**The task:** Only one stretch of the records below is wanted: the lines from the one holding "platform unobstructed. |" through the one holding "いよいよ春本番、お花見シーズ". Return it exactly, both ends included.

**Exercise input:**
===============

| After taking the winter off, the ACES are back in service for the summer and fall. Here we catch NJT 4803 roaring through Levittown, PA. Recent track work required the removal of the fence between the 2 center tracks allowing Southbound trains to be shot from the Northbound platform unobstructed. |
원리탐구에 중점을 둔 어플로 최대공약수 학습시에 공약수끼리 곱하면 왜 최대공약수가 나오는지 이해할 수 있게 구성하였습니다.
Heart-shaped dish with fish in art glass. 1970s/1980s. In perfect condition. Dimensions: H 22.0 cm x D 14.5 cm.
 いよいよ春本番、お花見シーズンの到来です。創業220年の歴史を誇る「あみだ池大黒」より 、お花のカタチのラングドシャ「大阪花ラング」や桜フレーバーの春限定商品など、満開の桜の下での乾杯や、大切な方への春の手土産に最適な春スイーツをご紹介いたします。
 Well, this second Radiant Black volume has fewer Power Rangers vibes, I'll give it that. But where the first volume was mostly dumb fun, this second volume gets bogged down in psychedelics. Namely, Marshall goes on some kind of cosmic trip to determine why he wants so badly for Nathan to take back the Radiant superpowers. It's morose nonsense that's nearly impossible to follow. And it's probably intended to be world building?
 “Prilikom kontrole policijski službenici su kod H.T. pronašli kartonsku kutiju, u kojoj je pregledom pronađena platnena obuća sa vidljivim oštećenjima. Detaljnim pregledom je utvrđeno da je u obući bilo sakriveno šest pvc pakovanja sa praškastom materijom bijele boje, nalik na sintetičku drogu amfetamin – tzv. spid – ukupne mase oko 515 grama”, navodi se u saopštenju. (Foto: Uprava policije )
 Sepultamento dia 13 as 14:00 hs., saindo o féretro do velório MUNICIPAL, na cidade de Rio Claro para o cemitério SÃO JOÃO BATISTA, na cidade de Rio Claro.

===============

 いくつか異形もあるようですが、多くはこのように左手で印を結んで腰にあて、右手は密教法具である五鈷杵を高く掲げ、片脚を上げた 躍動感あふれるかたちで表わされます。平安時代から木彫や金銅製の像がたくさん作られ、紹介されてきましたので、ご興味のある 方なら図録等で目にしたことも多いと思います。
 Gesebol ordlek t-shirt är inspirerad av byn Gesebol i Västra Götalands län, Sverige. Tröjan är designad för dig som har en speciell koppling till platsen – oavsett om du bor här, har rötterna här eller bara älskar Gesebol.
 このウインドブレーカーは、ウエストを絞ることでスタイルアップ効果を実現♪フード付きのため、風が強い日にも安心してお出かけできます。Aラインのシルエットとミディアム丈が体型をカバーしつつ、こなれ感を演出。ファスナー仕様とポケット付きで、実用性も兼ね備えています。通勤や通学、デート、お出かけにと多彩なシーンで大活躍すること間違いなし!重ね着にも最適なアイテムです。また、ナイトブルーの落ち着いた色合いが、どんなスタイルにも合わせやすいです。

===============

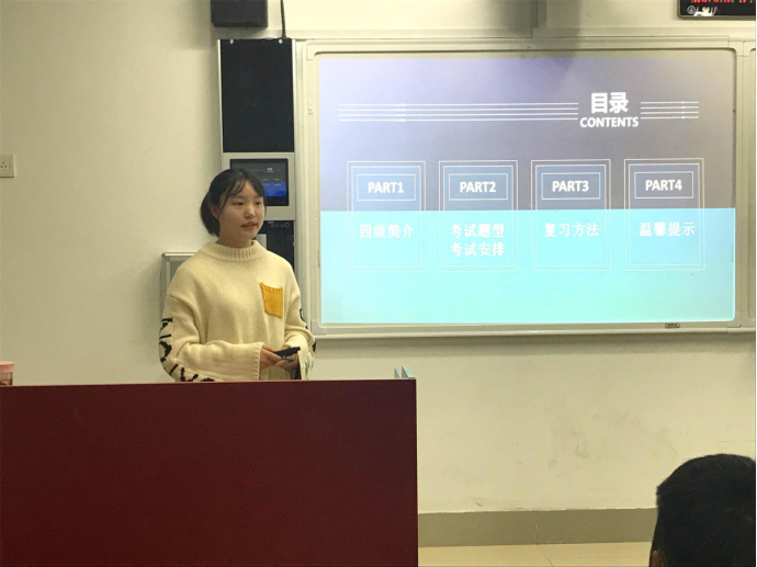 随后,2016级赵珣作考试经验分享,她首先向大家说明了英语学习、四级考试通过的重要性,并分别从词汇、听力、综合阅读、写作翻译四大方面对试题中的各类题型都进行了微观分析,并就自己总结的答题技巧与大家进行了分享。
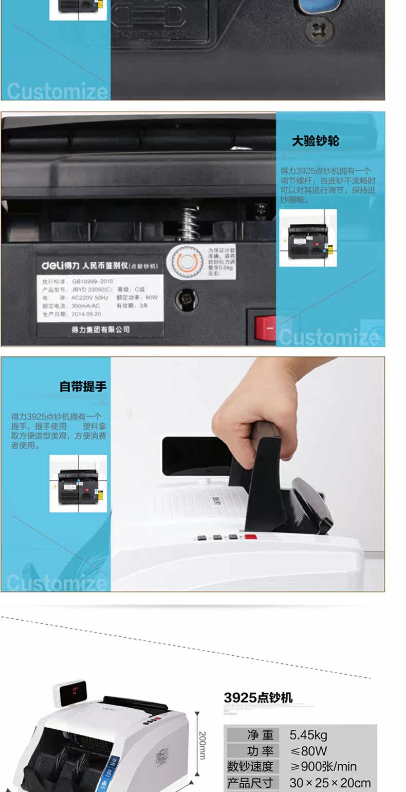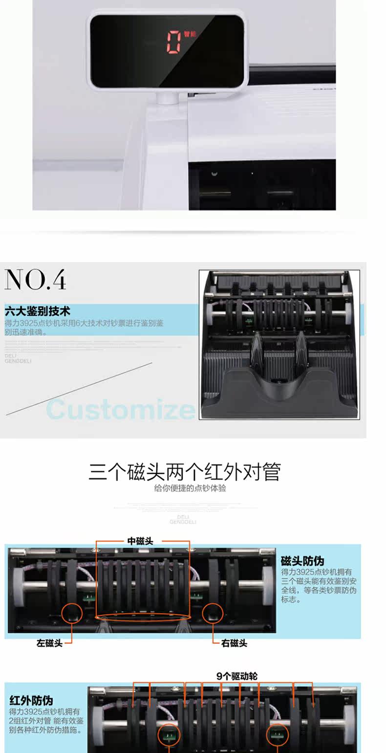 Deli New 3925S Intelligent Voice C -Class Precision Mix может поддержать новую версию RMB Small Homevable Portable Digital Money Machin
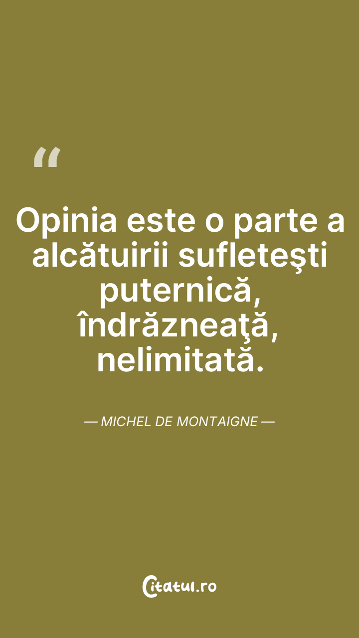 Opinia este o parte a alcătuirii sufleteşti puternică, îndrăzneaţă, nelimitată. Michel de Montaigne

===============

**Task response:**
| After taking the winter off, the ACES are back in service for the summer and fall. Here we catch NJT 4803 roaring through Levittown, PA. Recent track work required the removal of the fence between the 2 center tracks allowing Southbound trains to be shot from the Northbound platform unobstructed. |
원리탐구에 중점을 둔 어플로 최대공약수 학습시에 공약수끼리 곱하면 왜 최대공약수가 나오는지 이해할 수 있게 구성하였습니다.
Heart-shaped dish with fish in art glass. 1970s/1980s. In perfect condition. Dimensions: H 22.0 cm x D 14.5 cm.
 いよいよ春本番、お花見シーズンの到来です。創業220年の歴史を誇る「あみだ池大黒」より 、お花のカタチのラングドシャ「大阪花ラング」や桜フレーバーの春限定商品など、満開の桜の下での乾杯や、大切な方への春の手土産に最適な春スイーツをご紹介いたします。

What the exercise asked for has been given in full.